Insular Cortex – Trauma Child

In the counseling profession the term inner child is sometimes used to describe a person’s emotional truth. A less common term is trauma child. This is used to describe the subconscious part of the brain that remembers all the emotional trauma a person has experienced, in an attempt to prevent the person from having to feel that emotional pain again.

While the inner child resides in the limbic system of the brain, the trauma child resides in the insular cortex. The insular cortex is also known as the insula and works between the cerebral cortex (conscious part of the brain) and the limbic system (emotional part of the brain).

Emotional trauma is created any time a person has a painful emotional experience and is unable to validate, work through, and let go of the feelings. Emotional trauma can be as small as being asked to stop crying or as large as receiving post-traumatic stress from narrowly escaping death. As long as the feelings and emotions are not worked through and resolved, they become emotional trauma and reside in the limbic system.

The insular cortex recognizes that the unresolved feelings are present in the limbic system and also has been taught in many different ways that the feelings are not to be looked at or let out. Everything that the insular cortex is taught is external and is learned from interacting with the world and other people. While many people indicate they taught themselves these behaviors, when a person is willing to go deep enough at an emotional level, the response of hiding one’s feelings is always taught by others, either directly or indirectly. Most of what has been learned and is stored in the insular cortex is taught in the first five years of a person’s life.

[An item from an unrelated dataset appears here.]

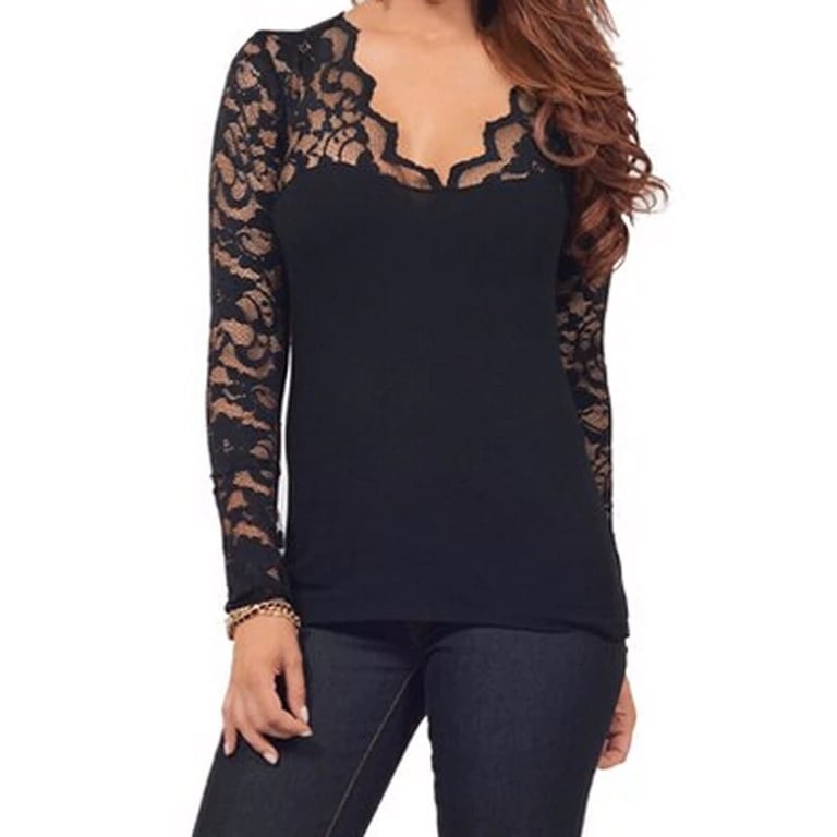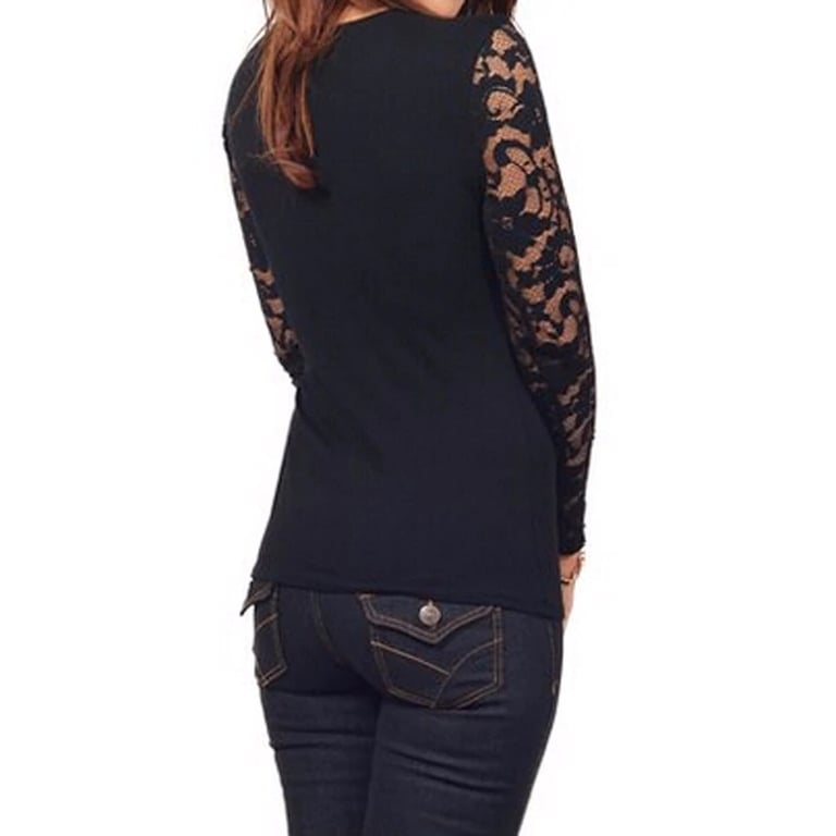 Maglietta elegante in pizzo con maniche lunghe

Because the insular cortex has been taught to hide feelings, when it recognizes the limbic system is attempting to work through a feeling, it quickly creates a counter-response it has learned to hide those feelings again. Initially, this learned response meant to hide the emotional pain created relief and comfort from the emotional stress. Eventually, though, it can create more stress and discomfort. This pattern is the foundation for an addiction, in which the insular cortex plays a major part.

Since the insular cortex’s job is to find and/or create comfort for the person and it has been taught to hide a person’s feelings, emotional stress and tension get created. This is where the trauma child resides. As feelings are able to be worked through, validated, honored, and released, the energy the trauma child holds is able to be released.